= Task statement =
Exactly reproduce the line containing "O More Citrus" together with every line after it, through the end of the entries, and give nothing more.

= Exercise data =
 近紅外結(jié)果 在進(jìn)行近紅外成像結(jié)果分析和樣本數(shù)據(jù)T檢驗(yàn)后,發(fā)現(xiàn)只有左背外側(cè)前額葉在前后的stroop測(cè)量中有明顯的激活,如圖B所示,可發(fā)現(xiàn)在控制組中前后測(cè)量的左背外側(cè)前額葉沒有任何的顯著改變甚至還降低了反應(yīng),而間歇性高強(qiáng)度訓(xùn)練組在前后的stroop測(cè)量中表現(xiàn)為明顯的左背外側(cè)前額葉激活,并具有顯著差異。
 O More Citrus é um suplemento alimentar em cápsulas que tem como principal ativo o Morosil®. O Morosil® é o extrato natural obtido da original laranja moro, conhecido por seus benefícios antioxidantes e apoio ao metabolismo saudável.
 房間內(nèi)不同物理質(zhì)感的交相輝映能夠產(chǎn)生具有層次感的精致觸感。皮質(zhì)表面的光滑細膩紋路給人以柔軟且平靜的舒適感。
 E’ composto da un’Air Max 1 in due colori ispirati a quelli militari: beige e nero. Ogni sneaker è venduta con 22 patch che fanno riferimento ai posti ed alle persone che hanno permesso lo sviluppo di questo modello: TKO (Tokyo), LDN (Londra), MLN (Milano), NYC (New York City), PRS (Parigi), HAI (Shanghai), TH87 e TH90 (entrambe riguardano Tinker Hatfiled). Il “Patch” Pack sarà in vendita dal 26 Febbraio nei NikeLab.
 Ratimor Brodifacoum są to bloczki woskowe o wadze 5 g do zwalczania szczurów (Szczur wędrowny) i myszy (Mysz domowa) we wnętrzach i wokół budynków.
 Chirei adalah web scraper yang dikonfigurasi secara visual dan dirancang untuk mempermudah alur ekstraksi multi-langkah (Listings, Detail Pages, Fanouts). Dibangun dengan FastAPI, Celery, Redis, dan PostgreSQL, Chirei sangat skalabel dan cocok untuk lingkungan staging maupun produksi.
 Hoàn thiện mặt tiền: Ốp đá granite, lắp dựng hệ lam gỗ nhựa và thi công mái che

= Answer area =
 O More Citrus é um suplemento alimentar em cápsulas que tem como principal ativo o Morosil®. O Morosil® é o extrato natural obtido da original laranja moro, conhecido por seus benefícios antioxidantes e apoio ao metabolismo saudável.
 房間內(nèi)不同物理質(zhì)感的交相輝映能夠產(chǎn)生具有層次感的精致觸感。皮質(zhì)表面的光滑細膩紋路給人以柔軟且平靜的舒適感。
 E’ composto da un’Air Max 1 in due colori ispirati a quelli militari: beige e nero. Ogni sneaker è venduta con 22 patch che fanno riferimento ai posti ed alle persone che hanno permesso lo sviluppo di questo modello: TKO (Tokyo), LDN (Londra), MLN (Milano), NYC (New York City), PRS (Parigi), HAI (Shanghai), TH87 e TH90 (entrambe riguardano Tinker Hatfiled). Il “Patch” Pack sarà in vendita dal 26 Febbraio nei NikeLab.
 Ratimor Brodifacoum są to bloczki woskowe o wadze 5 g do zwalczania szczurów (Szczur wędrowny) i myszy (Mysz domowa) we wnętrzach i wokół budynków.
 Chirei adalah web scraper yang dikonfigurasi secara visual dan dirancang untuk mempermudah alur ekstraksi multi-langkah (Listings, Detail Pages, Fanouts). Dibangun dengan FastAPI, Celery, Redis, dan PostgreSQL, Chirei sangat skalabel dan cocok untuk lingkungan staging maupun produksi.
 Hoàn thiện mặt tiền: Ốp đá granite, lắp dựng hệ lam gỗ nhựa và thi công mái che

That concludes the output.